The article argues that M. Night Shyamalan's "The Village" (2004) is his only true horror movie, distinguishing it from his other thriller films due to its unique blend of horror elements and a lack of a traditional happy ending.

Abstract

"The Village" (2004) stands out among M. Night Shyamalan's filmography as a genuine horror film, contrary to his other works which are classified as thrillers. The article emphasizes that the film's conclusion, despite appearing hopeful, is actually steeped in tragedy and deception, as the characters are trapped in a cycle of lies perpetuated by their parents. This is in stark contrast to the typical thriller where the protagonists emerge victorious. The film's horror is rooted in the realization that the characters are living a lie, with the children of the village inheriting the trauma and mental illness of their elders. The article also suggests that the movie's twist ending, revealing the story's contemporary setting, serves as a metaphor for the Iraq War and the betrayal of trust by authorities. The author proposes that a sequel to "The Village" could further explore the themes of trauma and deception by focusing on the next generation's response to the revelations of their parents' lies.

Opinions

  • The author believes that "The Village" is Shyamalan's only film that fits the horror genre, as it subverts the expectation of a happy ending typical of thrillers.
  • The article posits that the film's twist ending, which reveals the village's true modern-day setting, is controversial but adds to the horror by mirroring real-world betrayals of trust, such as the justification for the Iraq War.
  • The author suggests that the characters in "The Village" are trapped in a cycle of lies and trauma, which is the true horror of the film.
  • It is implied that the film's ending, rather than providing closure, betrays a lack of resolution and underscores the ongoing impact of the characters' predicament.
  • The article expresses a desire for a sequel to "The Village" to delve into the consequences of the characters' actions and the continuation of the lie into the next generation.
  • The author sees potential in a sequel that confronts the original characters with the legacy of their deception as they face their final years.

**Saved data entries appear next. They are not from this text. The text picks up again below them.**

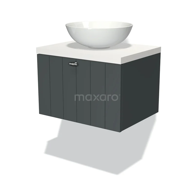Badmöbel für Waschtischunterschrank mit Konsole 60cm Modulo Plato Dunkelgrau 1 Schublade Lamelle Matt Weiß Platte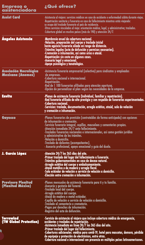 Dejar todo preparado aligera la carga emocional y financiera para quienes se quedan. Como los servicios funerarios y los seguros son otro aspecto fundamental de la prevención, que nos dan seguridad y representan una enorme ayuda para nuestros familiares en momentos emocionalmente difíciles, en el cuadro te presentamos algunas compañías de servicios funerarios y asistenciadoras que ofrecen diversas coberturas relacionadas con cuestiones funerarias. Consulta la información detallada de estas empresas en sus sitios web oficiales.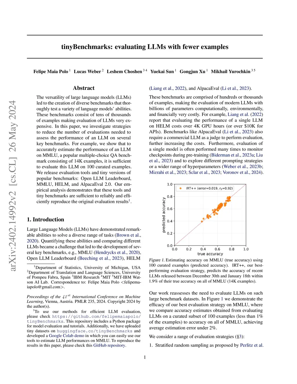 tinyBenchmarks: evaluating LLMs with fewer examples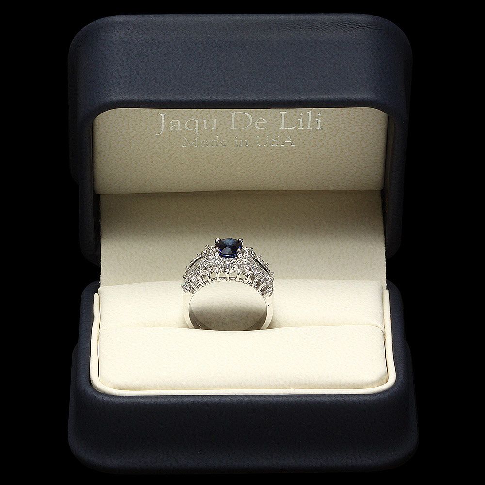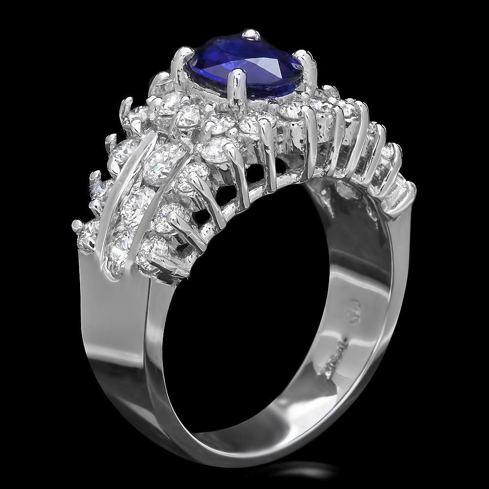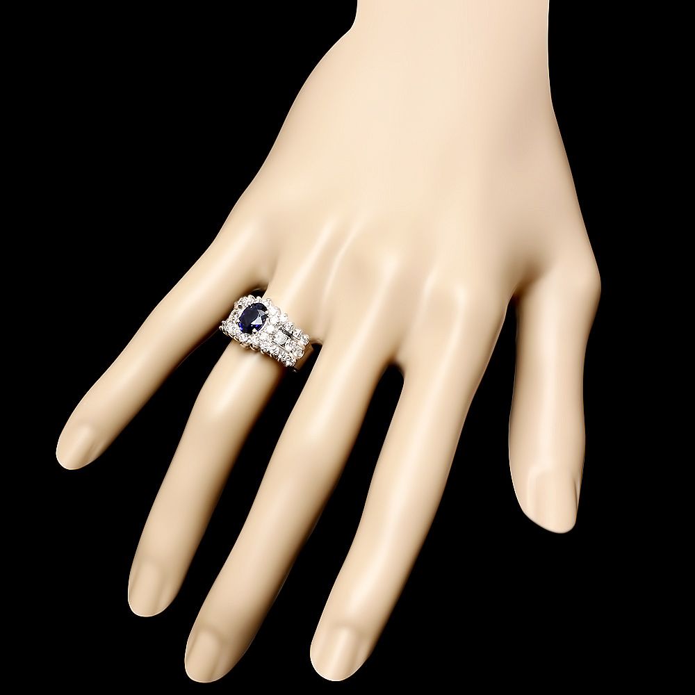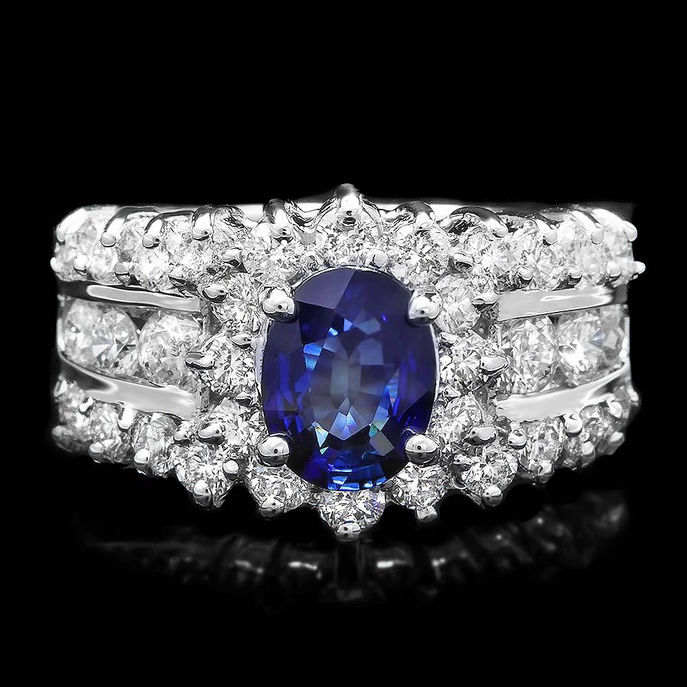 Retail: $8400.00 ****** Metal: 14k Solid White Gold / Size: 7 / Total Item Weight: 7.5 grams / Country Made: USA / / Main Stone: Sapphire / Color: Blue / Carat Total Weight: 1.00 / Treatment: Heating / Clarity: Type 2 / Cut: Very Good / / Secondary Stone: Diamond / Carat Total Weight: 1.55 / Treatment: None / Color Grade: G - H / Clarity: SI1 - SI2 / Cut: Very Good / ****** Ref: JQL-R-4881
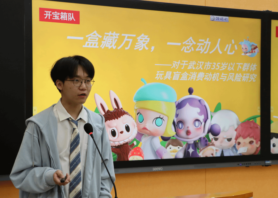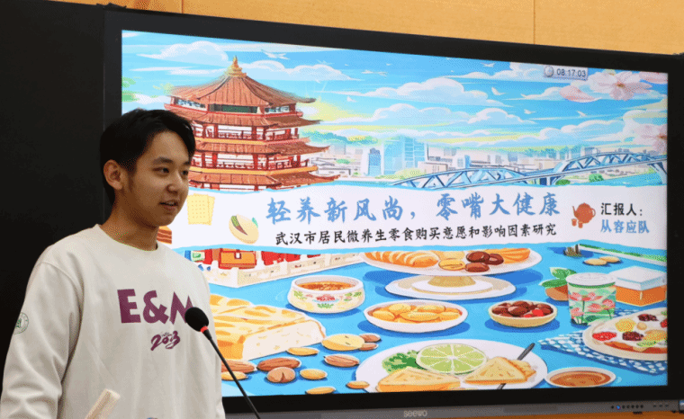 第二阶段校赛选拔赛于3月23日,在第四教学楼C207举行,比赛现场气氛紧张而热烈。本届赛事选题紧扣社会脉搏,既有政策热点的深度解码——结合两会“体重管理年”议题,探讨“轻养生”新风尚下武汉市居民微养生零食的购买意愿及其影响因素;同时深入生活,聚焦“爱熬夜”青年群体的健康焦虑与消费诉求,解码保健产品及睡眠经济市场的潜在增长点;更有奇思妙想,创新探索消费蓝海,深挖盲盒经济背后的消费驱动力;更涌现出人文关怀与城市发展相结合的创新尝试,如探讨武汉花朝节游客体验和文旅产业联动的未来愿景,武汉市公共交通适老化改造的满意度调查并进行路径优化的探索等。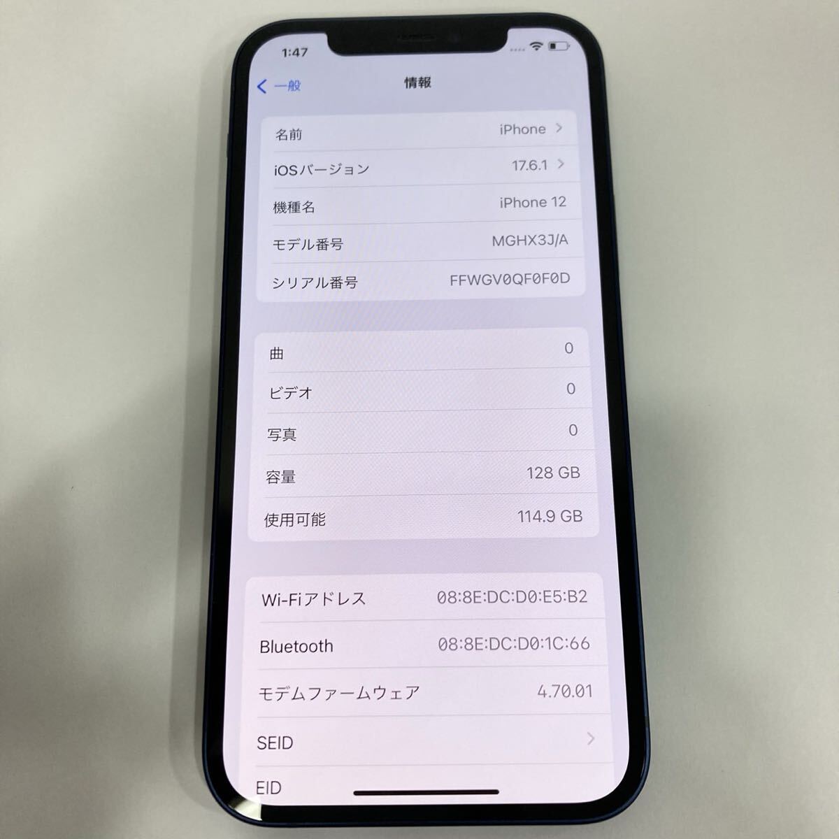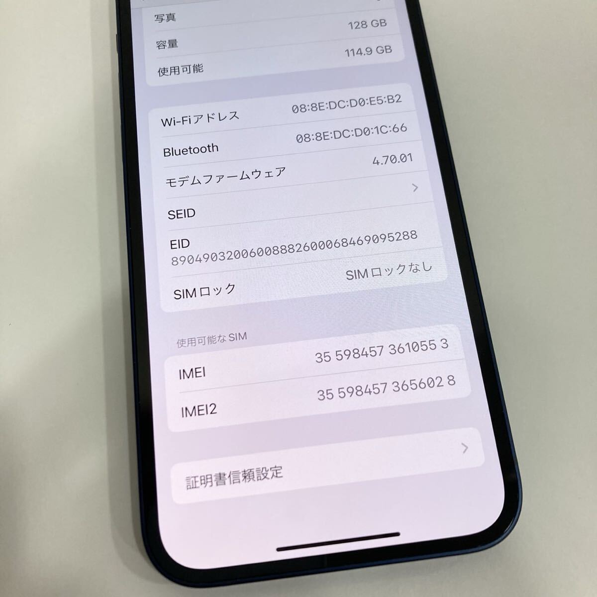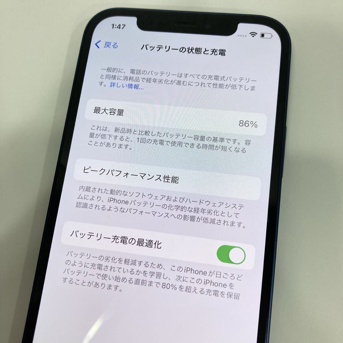 TE★1円〜中古品 動作確認済み Apple iPhone12 128GB Blue A2402 MGHX3J/A 青系 SIMフリー バッテリー最大86% ネットワーク利用制限◯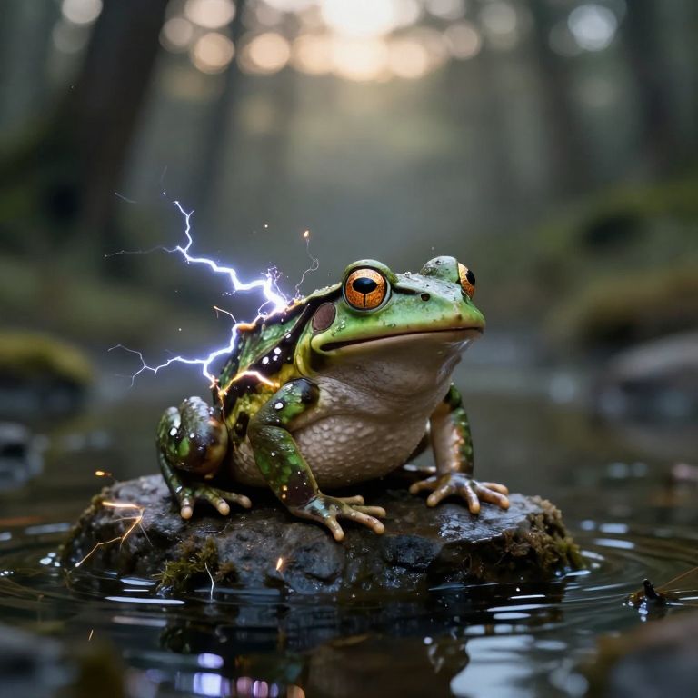 Consumerism electric frog, sparks, body out of sparks, small lightning around toad, lightnings, sparks in water, on stone in water, swamp, sunrise, forest, rpg fantasy style,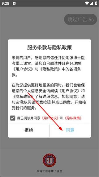 1、打开张博士app,在弹出的提示框中,点击同意。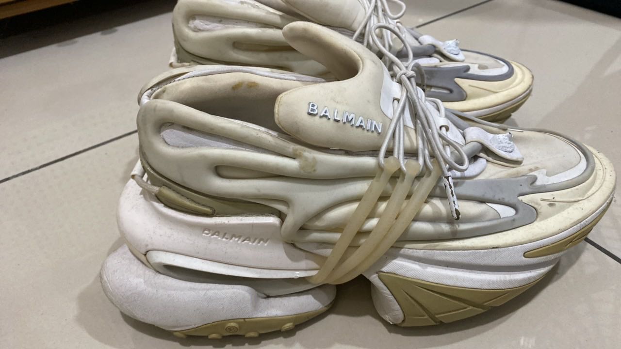 Bring a contemporary edge to your casualwear edit with Balmain's Unicorn sneakers. The white low-top design is set on platform soles with open sections and sharply pointed toes and finished with neoprene and leather trims. Upper: Fabric Lining: Leather Sole: Leather Insole, Rubber Sole Round Toe Lace Up (Used condition shoes) rating 8 to 10
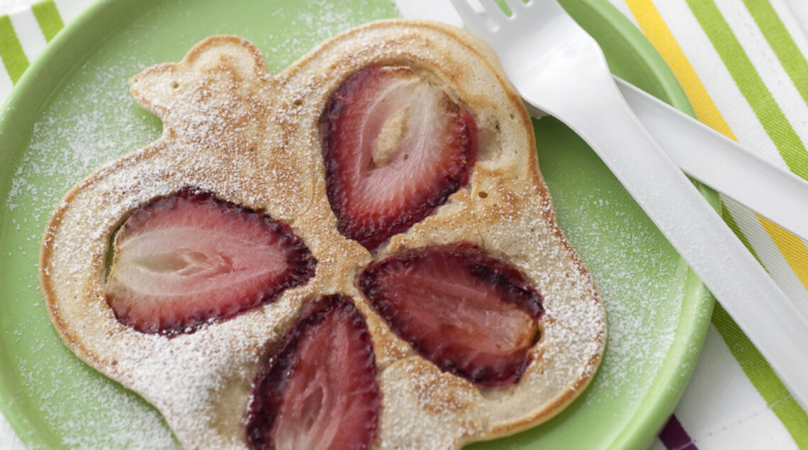 3 )Imburrate una padellina e sistematevi 4 fettine di fragola, formando le ali di una farfalla, poi versate un po' di pastella, facendola scendere da una tasca da pasticcere con bocchetta liscia da 1 cm: disegnate prima il bordo della farfalla, poi riempite le parti vuote. Cuocete 2-3 minuti per lato, poi proseguite nello stesso modo per preparare gli altri pancake. Servite i pancake spolverizzati a piacere di zucchero a velo.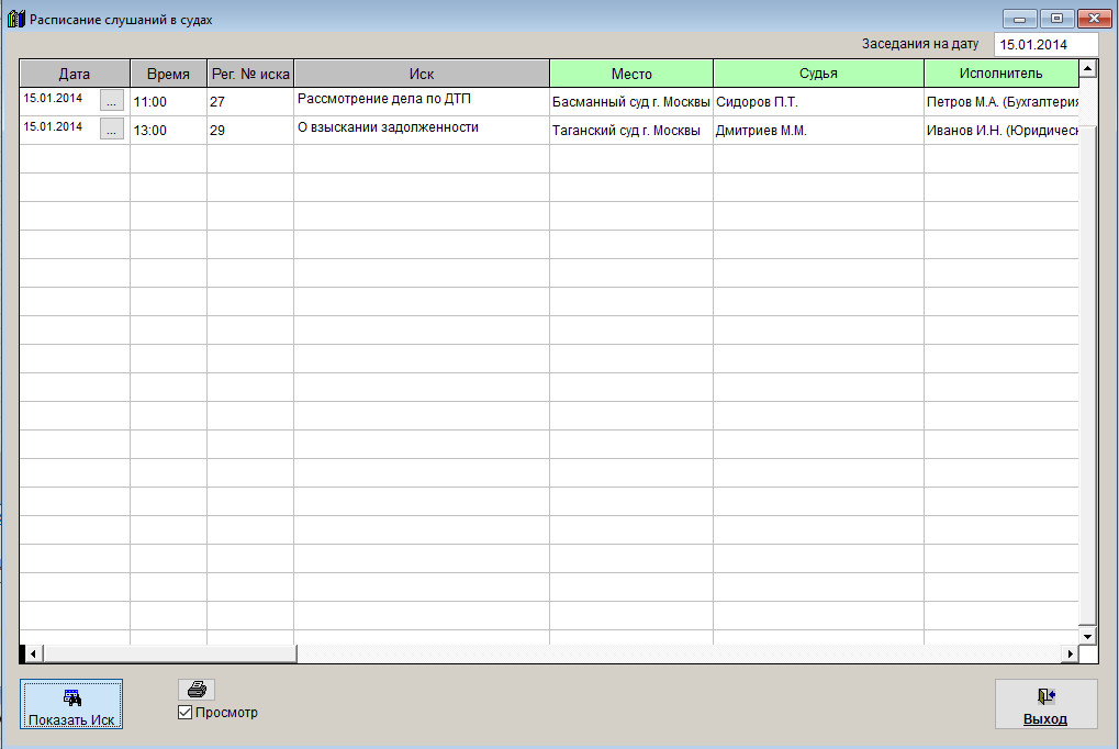 По каждому слушанию можно посмотреть указанный для слушания иск, нажав кнопку "Показать иск".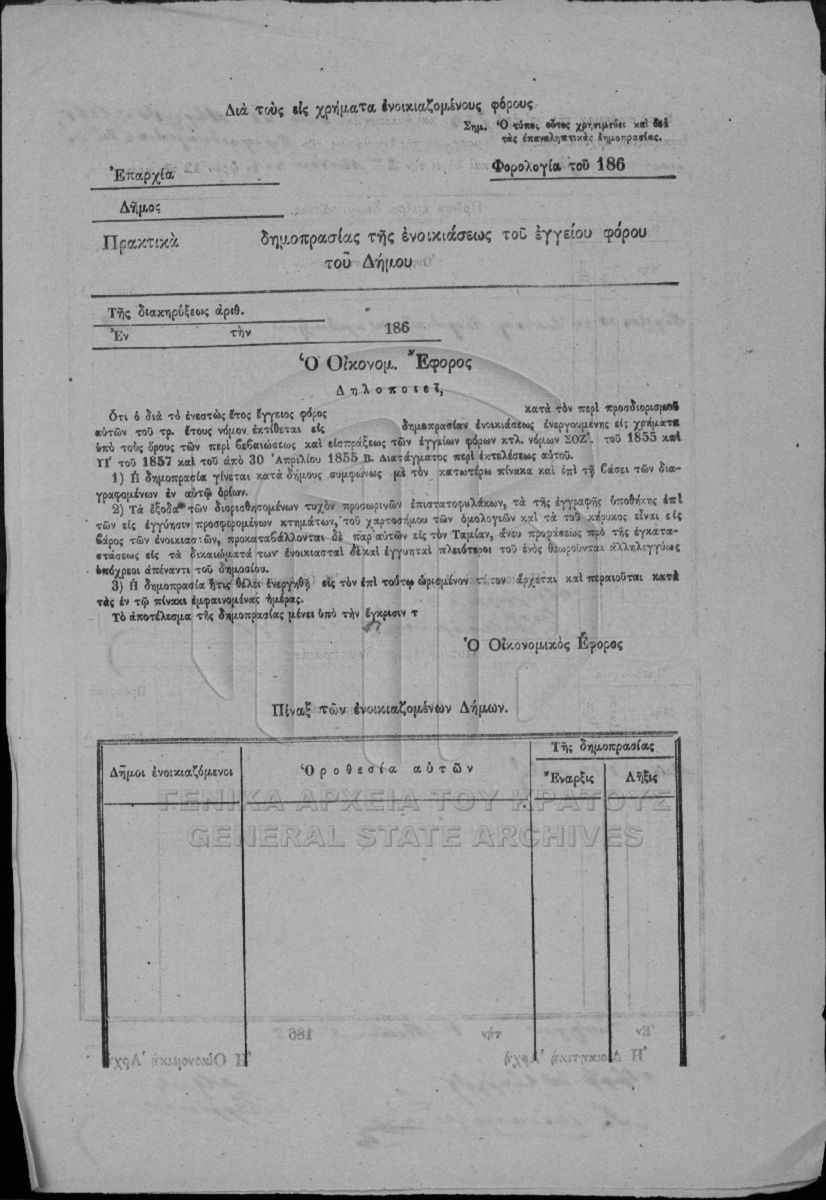 Location annuelle et pluriannuelles des terains nationaux soumis a l’usure. Departement d’Aitolie et Acarnanie.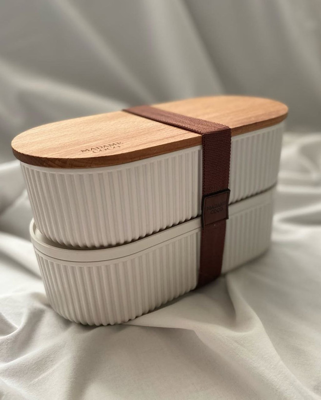 باکس و ظرف غذا دو طبقه درب چوبی ironika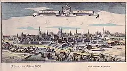 The siege of Breslau was a siege in the Third Silesian War (part of the Seven Years' War) that began on 7 December 1757 and ended on 19 December 1757. After the defeat at Leuthen, the Austrians withdrew into Breslau. The combined Austro-French garrison of approximately 17,000 men, commanded by Lieutenant General Field Marshal Soloman Sprecher von Bernegg, faced a Prussian army commanded by Frederick the Great.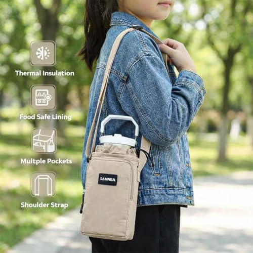 MOMSIV - شنطة حمل طعام معزولة سعة 1 لتر مقاومة للماء ومانعة للتسرب للوجبات الساخنة والباردة والمشروبات، مبرد غداء محمول للعمل والمدرسة والنزهات والسفر (BB-533) (بيج)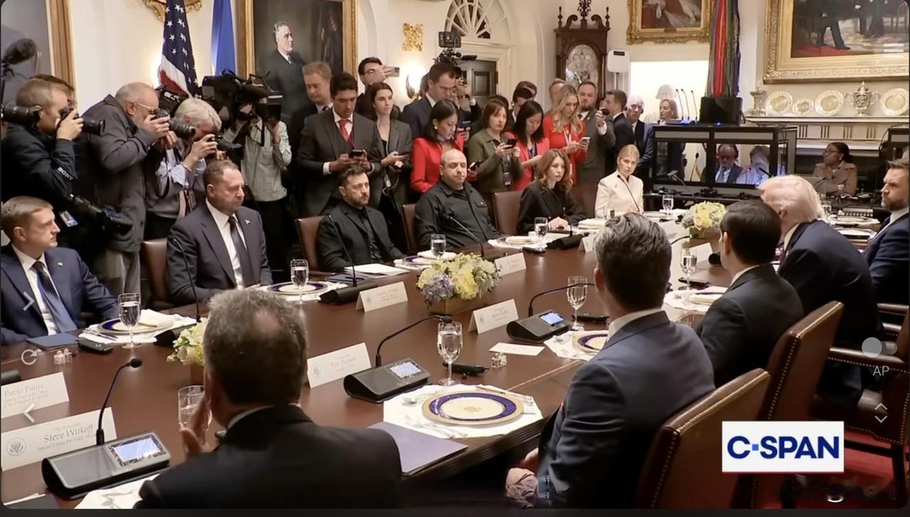 被慢待……泽连斯基这次访问白宫,川普好像降低了他的待遇。首先只是是派了两个低级别官员去迎接,没有美国仪仗队,没有仪式,什么都没有。为了挽回面子,他不得不自己上演一场“欢迎”,让他的随行人员迎接他,包括驾驶飞机带他来这里的飞行员...... 然后在会晤时没有在椭圆会议室举行元首对等位置的会谈,而是把泽连斯基放在一堆阁员中间,按照内阁开会的方式去接接待连斯基;最后川普还让泽连斯基等了好一会儿,因为他要去接待男高音歌唱家安德烈·波切利。 媒体提问也在给泽连斯基挖坑:你怎么看待川普和拜登在外交政策上的差别? 泽连斯基很聪明的回答了这个问题:拜登现在不是美国总统,没有机会结束这场战争;川普现在是美国总统,他现在有机会结束战争,希望他能像结束中东战争 一样结束乌克兰战争。 川普对此回答还是不满意,自己回答:"我得说,那是因为我非常有能力。而另一位,简直是无能透顶。."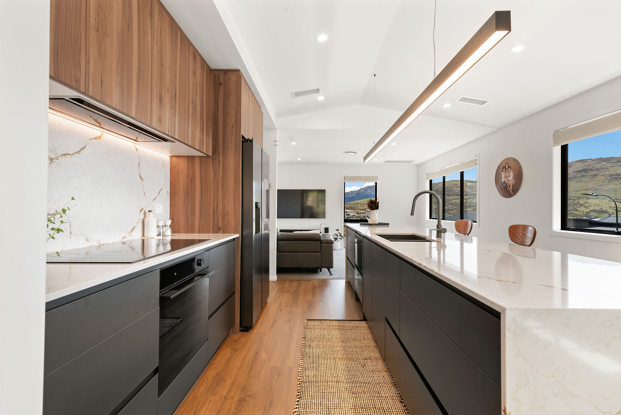 Open-plan living with high ceilings enhances the sense of space, flowing seamlessly from the kitchen out to the expansive outdoor deck. The kitchen is a true centrepiece of the home, featuring a striking extra length stone waterfall island bar, ideal for hosting friends and family. A generous walk-in pantry provides excellent storage.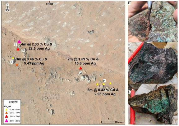 Abbildung 5: Höhepunkte der Kupferschlitzergebnisse bei E, F, G und H. Die Fotos der Handproben zeigen vorwiegend Kupferoxide wie Malachit, Kieselkupfer, Kupfer-Wad und Chalkopyrit.

Why THE VILLAGE (2004) is M Night Shyamalan’s Only True Horror Movie

The rest of them are thrillers

Screenshots from The Village photoshopped together

THRILLER VS HORROR

“Sometimes we don’t do things we want to do so that others won’t know we want to do them.” — Ivy Walker

For a 90s girl, part of the wonder of watching any movie after SE7EN is in never knowing until the end whether I’m watching a horror movie or a thriller.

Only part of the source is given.